An Interview with Troy Gua: The Artist Formally Stifled by Prince

An Interview with Troy Gua: The Artist Formally Stifled by Prince @troygua

Those who follow us know we love Prince, but were definitely taken aback when friend to the site and amazing artist in his own right, Troy Gua, received a cease and desist letter based on Troy’s incredible creation, Le Petit Prince, a mini version of the musician.    We had just conducted a great interview with Troy so we joined the rest of the web in our collective disapproval.  Since then, Troy has kept it moving and continues to create very inspired works including very realistic dolls of he and his wife.  We recently saw an updated check in with Troy and wanted to keep you all posted on this cool cat from the Northwest! Enjoy!

From the OC Weekly:

Prince is officially dropping a $22 million lawsuit against 22 fans, whom he accused of “massive infringement and bootlegging,” since the targeted fans have since removed links to footage of his live performances.

Seattle-based artist Troy Gua is another fan familiar with the demands of Prince’s attorneys. In 2012, he received a cease and desist notice from his favorite artist, after he recreated famous Prince moments and album covers using ‘Le Petit Prince,’ a doll he sculpted in the likeness of the Purple One.
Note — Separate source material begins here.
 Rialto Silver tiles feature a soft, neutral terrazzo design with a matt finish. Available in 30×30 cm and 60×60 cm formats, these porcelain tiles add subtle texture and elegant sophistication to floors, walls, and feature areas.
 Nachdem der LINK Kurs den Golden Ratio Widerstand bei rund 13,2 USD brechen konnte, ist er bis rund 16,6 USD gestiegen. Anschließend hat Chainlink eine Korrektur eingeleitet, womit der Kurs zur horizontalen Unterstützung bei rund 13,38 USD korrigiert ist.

Gua has successfully (and optimistically) turned the threat of legal action from Prince into a marketing strategy; and credits the end of his ‘Le Petit Prince’ series for spawning the birth of his latest self portraiture series.
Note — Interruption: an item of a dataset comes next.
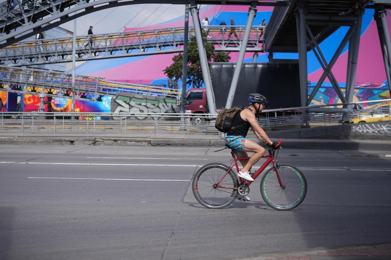 2月6日,一名男子在哥伦比亚首都波哥大骑车出行。

Here’s what Gua had to say about his idol, fair use, and a famous fan–Questlove.

OC Weekly (Jena Ardell): Besides Prince, have you ever faced friction from other celebrities or musicians whose likeness you have used in your work?

Troy Gua: Not one. In fact, the Bruce Lee estate was so taken with a portrait I made in my ‘Pop Hybrid’ series of Bruce and Brandon Lee, that they purchased the rights.

The Prince likeness was incredible. How long did it take to create Le Petit Prince? And why Prince?

Thank you! I’d say it took about 30 years of research, about a week of actual work sculpting, painting, compiling and making.

I became a Prince fan in the early ’80s as an awkward 13 year old in the throes of puberty who didn’t feel comfortable in his own skin. I was shy, nerdy, creative, and just didn’t feel like I fit in anywhere. Prince blew the doors off of all my angst. It was the music, yes, but it was much more than that. Back then, he had a message: we’re all freaks, and we should just love each other for who we are now, because this ride is a short one. It was about love and lust and joy and positivity and freedom of expression and sexual liberation. It was the perfect manifesto for me. I was in.
troygua3You had to have known you were treading in dangerous territory though, right? For example, in 2007, Universal Music Publishing Group requested a 29-second home video clip with 29 views of a 18-month old dancing to “Let’s Go Crazy” be removed from YouTube; and situations like that are not uncommon when it comes to the Prince…

I did know that, yes. I was aware of Prince’s overly litigious attitude for years, but the project was never meant to become what it did become. It was a therapeutic and fun side project after a stressful year that turned into something much more, and entirely unexpected.